[Data entries]
=== Begin Enclosure ===

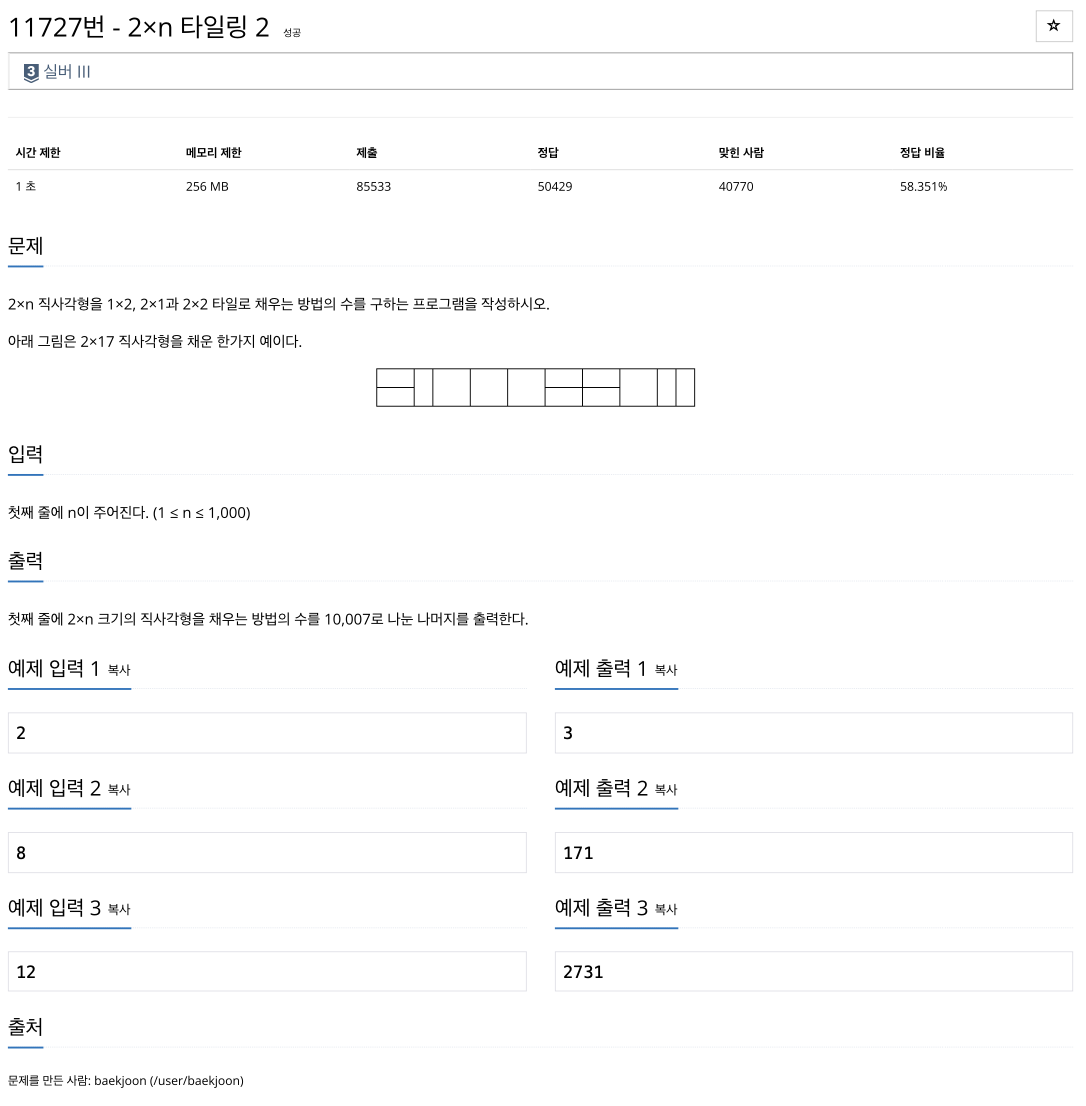 2×n 크기의 직사각형을 1×2, 2×1, 2×2 크기의 타일로 채우는 방법의 수를 구하시오.
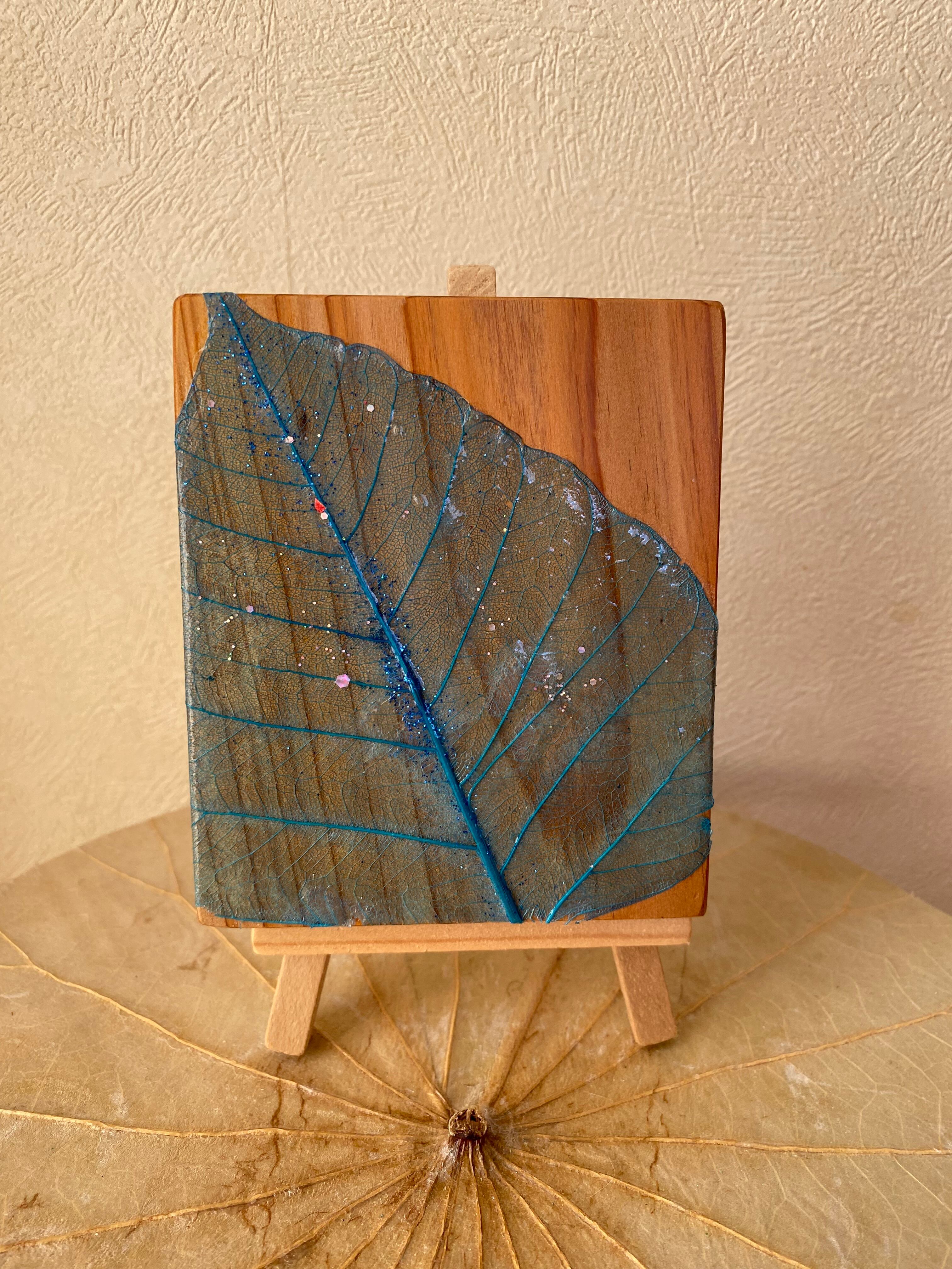 屋久杉の素材感が残るように、インド菩提樹の葉を1枚のみのせています。
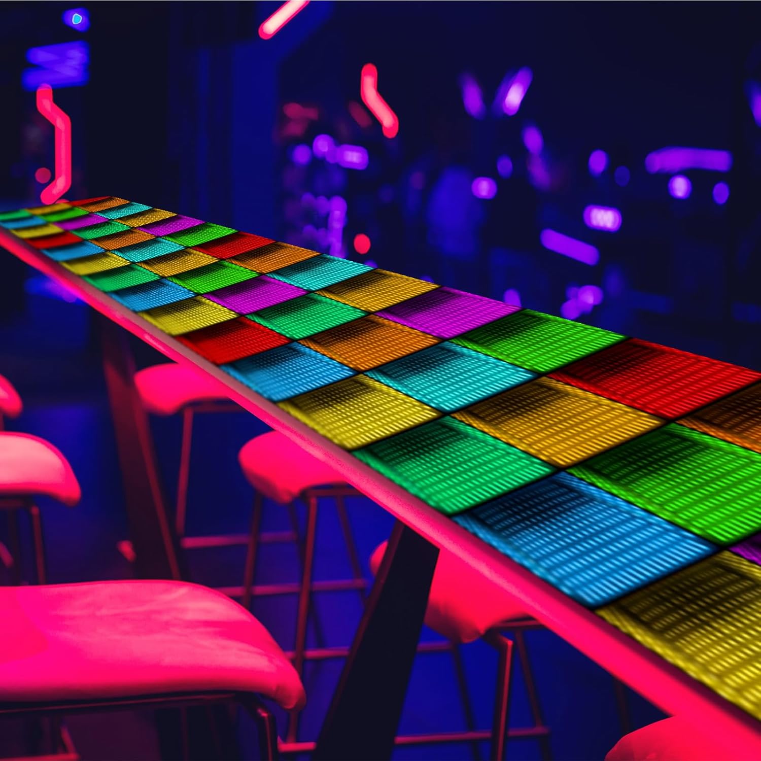 - Bright Fluorescent Color: the neon floor carpet shines brightly under UV blacklight, with fluorescent orange, fluorescent red, fluorescent green, fluorescent yellow, and fluorescent purple grid staggered against each other, making it simple to draw the attention of others; Please note that it will have the effect of fluorescence, but it needs to be irradiated by purple lamp to have the effect; If it is not irradiated, it is a normal pattern
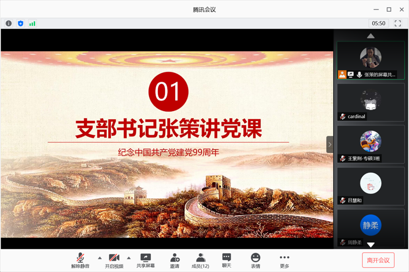 最后,张策同志分享了本支部的抗疫努力。疫情发生以来,本支部党员主动履职,有效发挥员工党员的先锋模范作用,弘扬了“担当责任、勇往直前”的中财精神。在支部书记和班长的号召下,支部全体党员带头遵守公司、公司疫情防控工作的各项要求,引导班级同学积极响应号召,服从公司、公司疫情防控工作整体安排;实行党员责任制,积极配合公司辅导员开展疫情防控排查摸底、信息统计及身体健康信息报送等工作;在线观看《新型冠状病毒肺炎》讲座,学习并向亲友普及防疫知识,发挥带头模范作用;停课不停学,努力营造“放假不放松、学习不断线”的自主学习氛围。
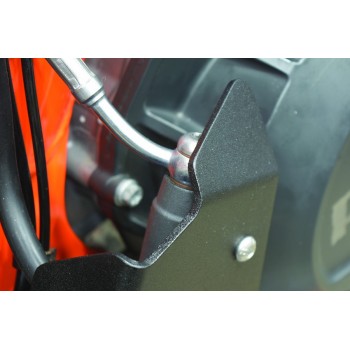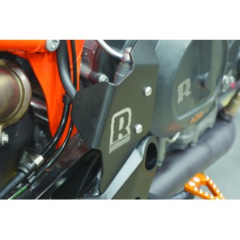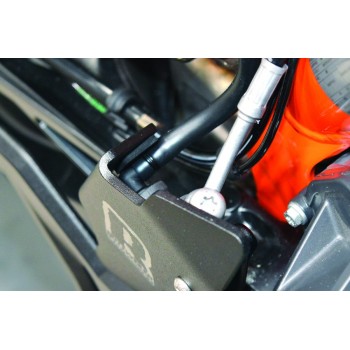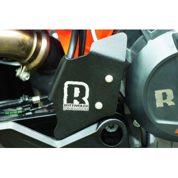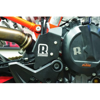 Introducing Rottweiler Performance's KTM 790/890 Adventure Rear Master Cylinder Guard. This guard provides complete protection of your Rear Master Cylinder, brake line banjo bolt connection and delicate reservoir line connection. We discovered a problematic area on the master cylinder that needed immediate addressing, the plastic reservoir connector. This junction is exposed to damage by the rider's boot when moving around on the footpeg. One simple step and your use of the rear brake is over. Not with our guard. We designed a 90 degree bend that wraps around this area and included a piece of foam strategically positioned to protect that area from possible damage. We didn't stop there, we then designed the top of the guard to be angled in order to protect the brake line banjo junction. We angled it this way to allow the rider's boot to slide past this area when hunting for the footpeg. We've tested this guard in the grueling world of professional racing and we can honestly tell you it works. Every 790 Adventure owner will want this guard. Don't get caught out in the badlands of Baja with a broken master cylinder.
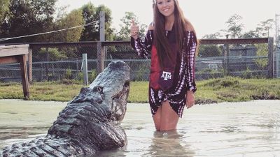A Texas A&M senior featured an unusual guest in her graduation photos: a 1,000 pound alligator.

=== End Enclosure ===

Exercise objective
Reproduce only the lines running from the beginning of the entries above to the line holding "- Bright Fluorescent", inclusive. Pictures stay out of the copy.

Problem solution
 2×n 크기의 직사각형을 1×2, 2×1, 2×2 크기의 타일로 채우는 방법의 수를 구하시오.
 屋久杉の素材感が残るように、インド菩提樹の葉を1枚のみのせています。
 - Bright Fluorescent Color: the neon floor carpet shines brightly under UV blacklight, with fluorescent orange, fluorescent red, fluorescent green, fluorescent yellow, and fluorescent purple grid staggered against each other, making it simple to draw the attention of others; Please note that it will have the effect of fluorescence, but it needs to be irradiated by purple lamp to have the effect; If it is not irradiated, it is a normal pattern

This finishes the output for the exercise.